Mensuração da cooperação Sul-Sul
A cooperação Sul-Sul (CSS) emerge, nos anos 1950, para promover a autonomia dos países em desenvolvimento e um sistema global menos desigual. Desde então, inovações foram forjadas entre os países do Sul Global visando transcender as assimetrias estruturais, econômicas e sociais existentes entre os países. Há quarenta anos, em Buenos Aires, representantes de 138 países acordaram um plano de ação para promover e implementar a cooperação técnica entre países em desenvolvimento – CTPD. O plano de ação de Buenos Aires (PABA), de 1978, chama atenção para um contexto de mudanças na relação entre países desenvolvidos e em desenvolvimento e denuncia sua governança, anacrônica e desigual.
Na década de 2000, as relações Sul-Sul ganham novo impulso e alguns atores se destacaram e passaram a disputar espaço e narrativas do sistema internacional de cooperação para o desenvolvimento, desafiando, principalmente, as práticas e princípios dos países da Organização para a Cooperação e o Desenvolvimento Econômico – OCDE.
Esse processo de reafirmação da cooperação Sul-Sul (CSS) coincidiu com debates sobre a efetividade da ajuda oficial ao desenvolvimento – de fato, sobre o que se entende como desenvolvimento no século XXI – e com a emergência de redes e coalizões da sociedade civil internacional mobilizadas para incidir sobre o tema, seja em âmbito nacional, seja em fóruns regionais e multilaterais.
Assim, a celebração dos quarenta anos do PABA deve contemplar a multiplicidade de atores interessados, e a riqueza e complexidade do tema não pode prescindir de debate amplo, participativo e baseado em evidências e informações de qualidade. Este relatório se insere nesse esforço e busca contribuir para um maior entendimento sobre os traços característicos da cooperação Sul-Sul brasileira.
Para tanto, a perspectiva aqui proposta é orçamentária, considera valores pagos e sugere recortes e classificações para sua análise. Partimos da premissa que a cooperação Sul-Sul não pode ser quantificada apenas por meio de fluxos financeiros.
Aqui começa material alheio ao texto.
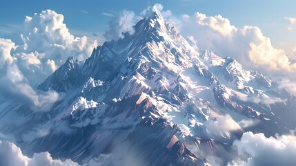 Pastel-hued, low-poly mountain range at sunrise, exhibiting a soft, crumpled paper aesthetic; serene and dreamlike

Entre- tanto, um maior entendimento sobre a alocação de recursos orçamentários é fundamental para a compreensão das práticas de CSS nacionais: tanto no que diz respeito à sua natureza, quantidade e distribuição setorial, como em relação ao seu processo decisório e às prioridades estabelecidas ao longo dos anos.
Esperamos que a metodologia, e os primeiros resultados de sua aplicação aqui apresentados, reforcem a transparência da CSS brasileira e contribuam para ampliar sua legitimidade e base de apoio doméstica, para promover a prestação de contas junto aos países parceiros, e para fazer transparecer sua contribuição aos Objetivos de Desenvolvimento Sustentável (ODS).
Adicionalmente, ao revelar a lógica orçamentária da CSS brasileira, busca-se fortalecer a institucionalidade da mesma, apontando para recomendações específicas para o aprimoramento do registro orçamentário das ações de CSS, assim como para aqueles âmbitos que necessitem ser reforçados com instrumentos administrativos e jurídicos apropriados.
A metodologia proposta é aberta e sujeita a revisões – mais do que isso, ela requer um monitoramento ativo e constante do orçamento federal, para o qual pretende ser instrumento. De forma mais geral, trata-se do resultado de um bem-sucedido processo de diálogo e articulação junto ao Governo e a atores não governamentais, acadêmicos, pesquisadores e ativistas, sobre a CSS do Brasil – o que ela é e o que ela pode vir a ser.